Assurer un plan de communication n’est pas un mal en soi. Encore faut-il qu’il soit cohérent, et surtout que le message délivré le soit. Ce qui a pour conséquence que la personne interrogée doit éviter de se contredire, au moins en apparence, dans une seule et même interview.

C’est pourtant ce qu’a fait le patron de la BRI dans une seule et même interview télévisée10. Il déclare d’abord qu’on ne négocie pas avec ce type de terroriste (ce qui est conforme à ce qu’on lit dans Gestion de la Barbarie) puis, quelques minutes après, il déclare qu’à un moment de l’attaque, il a fait appel à un négociateur. C’est peut-être clair pour lui, mais pas forcément pour les personnes qui l’écoutent. Tirons notre chapeau (pas encore avalé, mais nous n’en sommes pas loin) à LCI pour ne pas avoir révélé la contradiction.

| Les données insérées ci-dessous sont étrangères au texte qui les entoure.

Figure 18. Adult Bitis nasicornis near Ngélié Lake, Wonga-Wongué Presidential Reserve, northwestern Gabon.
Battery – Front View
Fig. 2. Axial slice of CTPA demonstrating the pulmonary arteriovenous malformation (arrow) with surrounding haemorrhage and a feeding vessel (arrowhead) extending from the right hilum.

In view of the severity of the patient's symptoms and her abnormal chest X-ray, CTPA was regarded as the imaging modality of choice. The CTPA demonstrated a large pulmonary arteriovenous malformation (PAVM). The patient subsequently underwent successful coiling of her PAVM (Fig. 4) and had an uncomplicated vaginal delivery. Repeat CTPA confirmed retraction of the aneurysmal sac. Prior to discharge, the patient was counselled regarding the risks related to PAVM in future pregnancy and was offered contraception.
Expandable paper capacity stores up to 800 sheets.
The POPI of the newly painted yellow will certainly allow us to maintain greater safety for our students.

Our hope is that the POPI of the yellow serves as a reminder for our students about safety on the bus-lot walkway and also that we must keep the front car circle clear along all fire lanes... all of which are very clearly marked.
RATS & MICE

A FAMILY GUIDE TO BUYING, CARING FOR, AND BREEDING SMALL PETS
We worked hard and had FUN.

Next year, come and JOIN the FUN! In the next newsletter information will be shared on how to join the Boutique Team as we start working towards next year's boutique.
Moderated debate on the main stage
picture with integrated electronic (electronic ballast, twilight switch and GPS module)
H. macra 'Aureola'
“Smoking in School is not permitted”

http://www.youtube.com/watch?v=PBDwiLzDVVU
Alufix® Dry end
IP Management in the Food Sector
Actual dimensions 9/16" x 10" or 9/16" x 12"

Ceci dit, une question demeure : que faire si une telle situation se représente ? Faut-il faire appel à un négociateur, ou faut-il monter au plus vite à l’assaut des preneurs d’otages ?

S’il ne faut pas se contredire dans la même interview, il faut également éviter de se contredire à plusieurs journées d’intervalle. Ainsi, juste après son opération dyonisienne, le RAID a communiqué sur un nombre minimum de 3 personnes dans l’appartement finalement détruit11, ses 5000 cartouches tirées, l’important arsenal des terroristes (2 à 3 kalachnikov, des grenades et des explosifs), ce qui semblait élever cette opération au rang d’opération de guerre12 (en quoi est-ce une fin en soi ? Big is -not allways- beautiful) avant de se rétracter sans pour autant avouer son erreur, le bilan final se stabilisant autour de 1500 cartouches tirées.

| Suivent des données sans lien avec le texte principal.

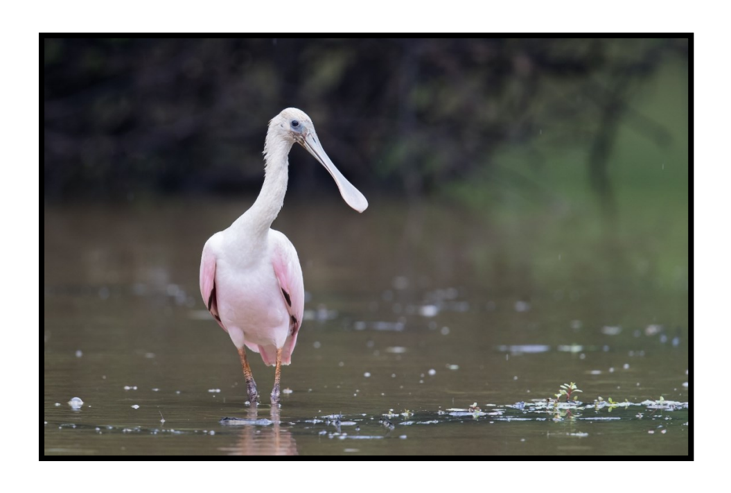
2<sup>nd</sup> state record Roseate Spoonbill in Monroe County. Photo by Ryan Sanderson on 10 June 2019.
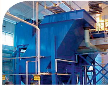
Lamella® Gravity Settler package unit
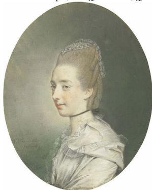
J.375.2132 Lady in a black shawl, muslin bonnet, pink ribbon, pstl, 23x20 ov., sd ✓ "...milton/1773" (PC Washington, DC; Hillsborough, North Carolina, Leland Little, 22.III.2024, Lot 1094 repr., anon. French sch., est. $50, $2800) [new attr.] φv
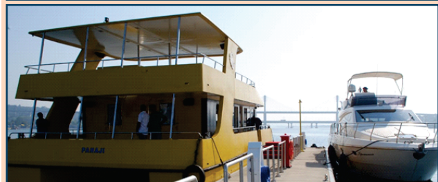
Shri Mansukh Mandaviya, Minister of State for Shipping (I/c) Inaugurating the Concrete Floating Jetty in Goa
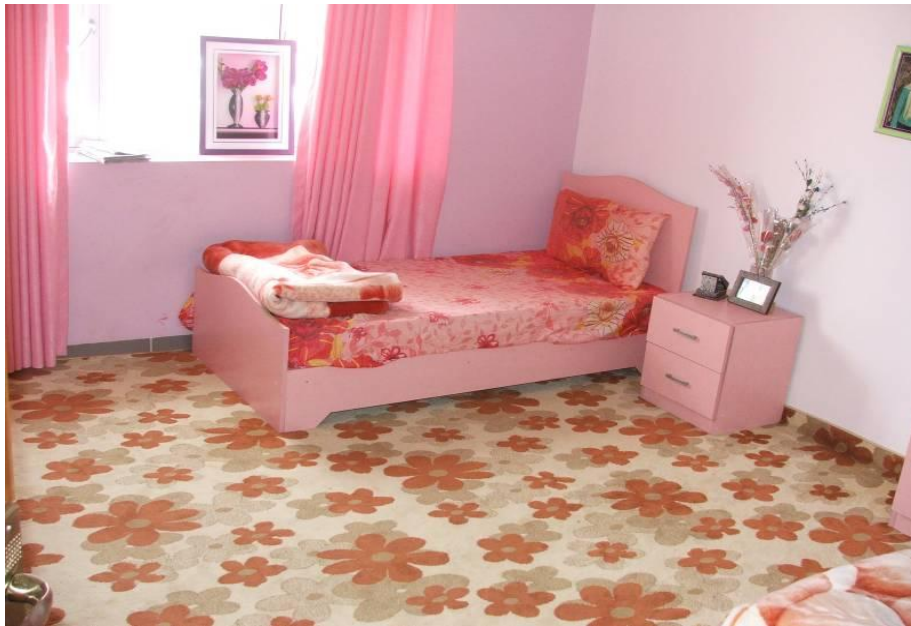
Site Photo 13. Female residential house bedroom

The utilities for the children's residential houses were functioning at the time of the site assessment. The ambient temperature was low enough that the air conditioning was not in use; however, the room ceiling fans were operating.
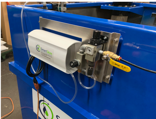
Ozone Generator retrofitted to central coolant system
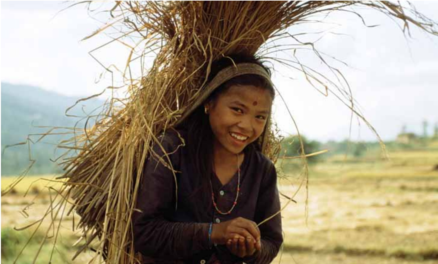
Young woman carrying sheaf of rice Nepal, Kathmandu Valley, Sankhu village.

UNDP’s analytical framework for CDES recognises three levels of capacity – the individual, the organisation and the enabling environment (or “system level”), which includes the political, social, economic, policy, legal and regulatory systems within which organisations and individuals operate. The framework also identifies key capacities that can be strengthened in order to achieve specific environmental sustainability goals. These include functional capacities needed to undertake the core functions involved in implementing CDES initiatives, including capacities to:
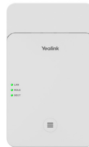
Yealink DECT W75B
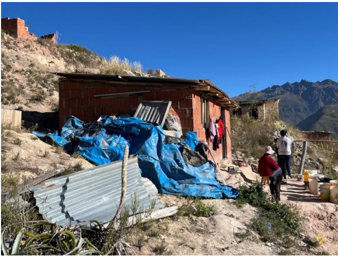
The shack in which the mother and daughter currently live.

Où sont donc passées les 3500 cartouches manquantes ?

Tirées en l’air pour célébrer la victoire ?

Une communication doit appuyer une opération, car la communication n’est pas une fin en soi, sauf lorsqu’il n’y a rien à dire. Mais pour appuyer efficacement l’opération, encore faut-il que le message confirme les faits, évitant ainsi de jeter le discrédit sur l’affaire.

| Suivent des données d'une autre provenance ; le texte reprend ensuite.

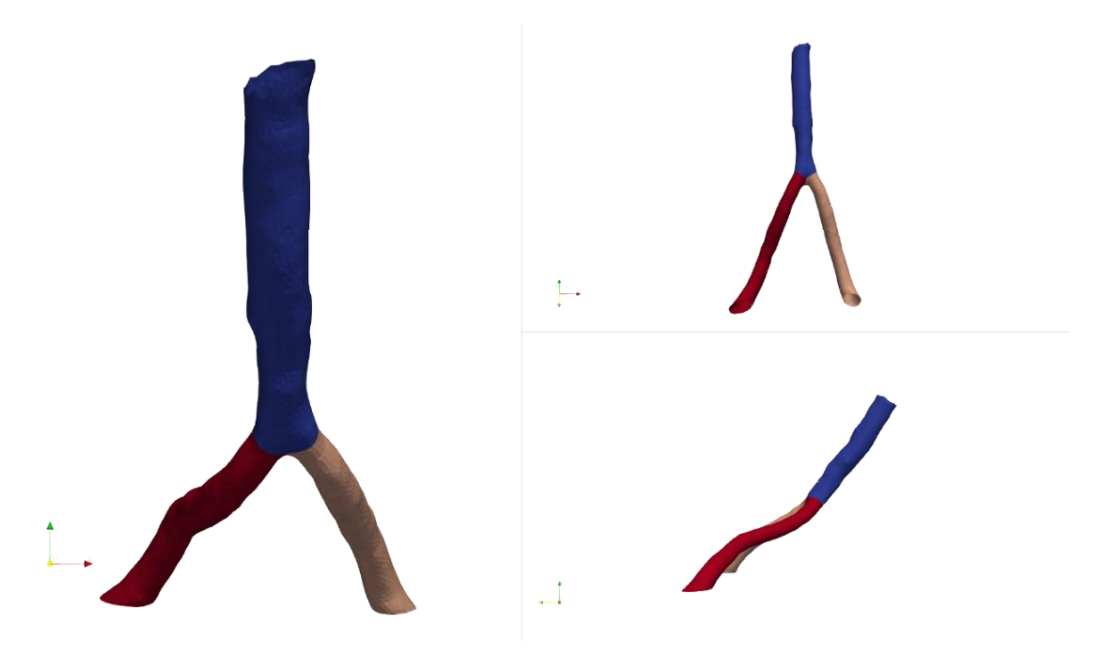
Figure 2. 3D reconstructed model of the vertebrobasilar system. After locking all models in the same position, the Vascular Modeling Tool Kit (VMTK) application using Python scripts identifies and measures the left (tan) and right vertebral artery (red) and the basilar artery (blue).

We set a difference of 0.3 mm or higher in diameter to define the dominance between the two VAs. Volume, curvature, torsion, and tortuosity was also measured on both VAs. The angle of the vertebrobasilar junction was measured between the two VAs. On the BA, we measured the length, volume, curvature, and cross-section. We further grouped patients based on a two-step process. First, we connected the confluence of the VAs and the basilar top with a straight line. Second, we separated each patient based on if the BA deviated to the left or to the right, while also measuring the extent of the deviation.
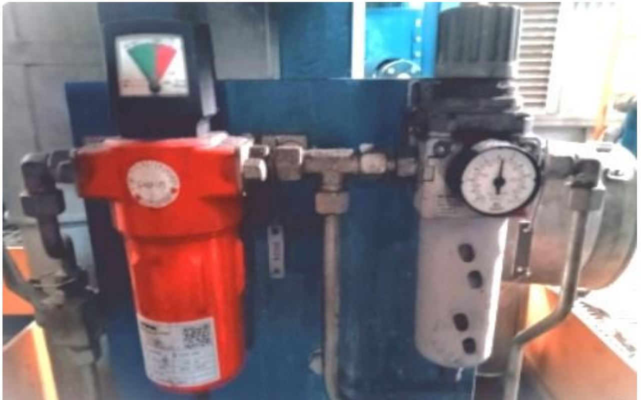
Figure-G: Air filter, Complete & Pressure Regulator, Complete
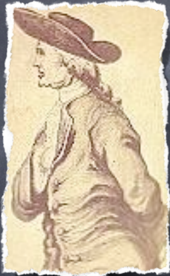
Henry Cavendish (1731 - 1810)
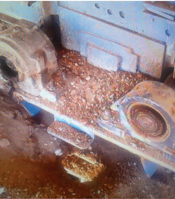
The Timken housed unit displaced a competitor's product (above) in a hammer mill operated by Hanson Brick.

Timken spherical roller bearing solid-block units feature cast-steel housings and durable seals. They provide robust protection from particulate contaminants and severe shock loads, while handling up to \pm 1.5 degrees of misalignment.
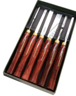
W3036 CHS6P HSS Turning Tool Set
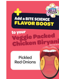
Anatomy Of Taste Flavor Boost Cling
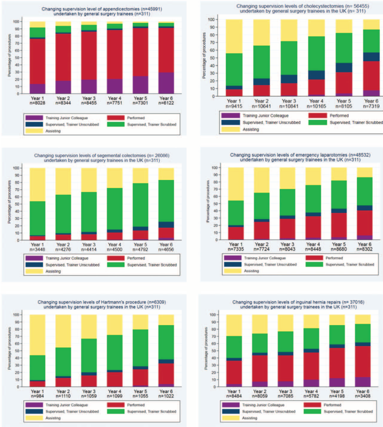
FIGURE 2. Changing supervision levels for index procedures undertaken by UK general surgery trainees.

in the UK. Some trainees, with completion of overseas training before entering UK general surgery specialty training, are already technically proficient in a wide range of procedures. Some UK trainees may have completed additional training or service provision years prior to specialty training and are experienced technically. It is likely that such trainees are allowed to undertake more complex procedures sooner, reflected in the small proportion of year 1 and year 2 trainees undertaking colectomies (5.6% in year 1) or emergency laparotomies

En guerre, on ne tape pas sur son camp

Être en guerre signifie que des batailles seront livrées. Leur cortège de succès, mais aussi de défaites les accompagnera. On ne peut livrer des guerres dont toutes les batailles seront victorieuses. Il faut donc reconnaître ses erreurs, ses défaites, et accepter la critique, sinon on tombe dans les travers et la caricature de « la cité de la peur ».

De ce point de vue encore, le Bataclan est un gigantesque ratage. Preuve en est la défense désespérée des représentants syndicaux de la police qui ont critiqué les militaires de l’opération Sentinelle qui ne voulaient pas leur donner leur fusil pour intervenir à l’intérieur. Parce qu’une arme se donne à quelqu’un qui va en faire on ne sait quoi ?

Auraient-ils accepté la réciproque ?

Apologétique

Vraisemblablement conscients des ratés de l’affaire, et désireux que le bon peuple ne s’en émeuve point trop, une rafale de journalistes (responsables, forcément) s’est empressé de cirer les bottes des unités quelque peu dans la tourmente.
Toutes catégories confondues, Le Point est vainqueur haut la main.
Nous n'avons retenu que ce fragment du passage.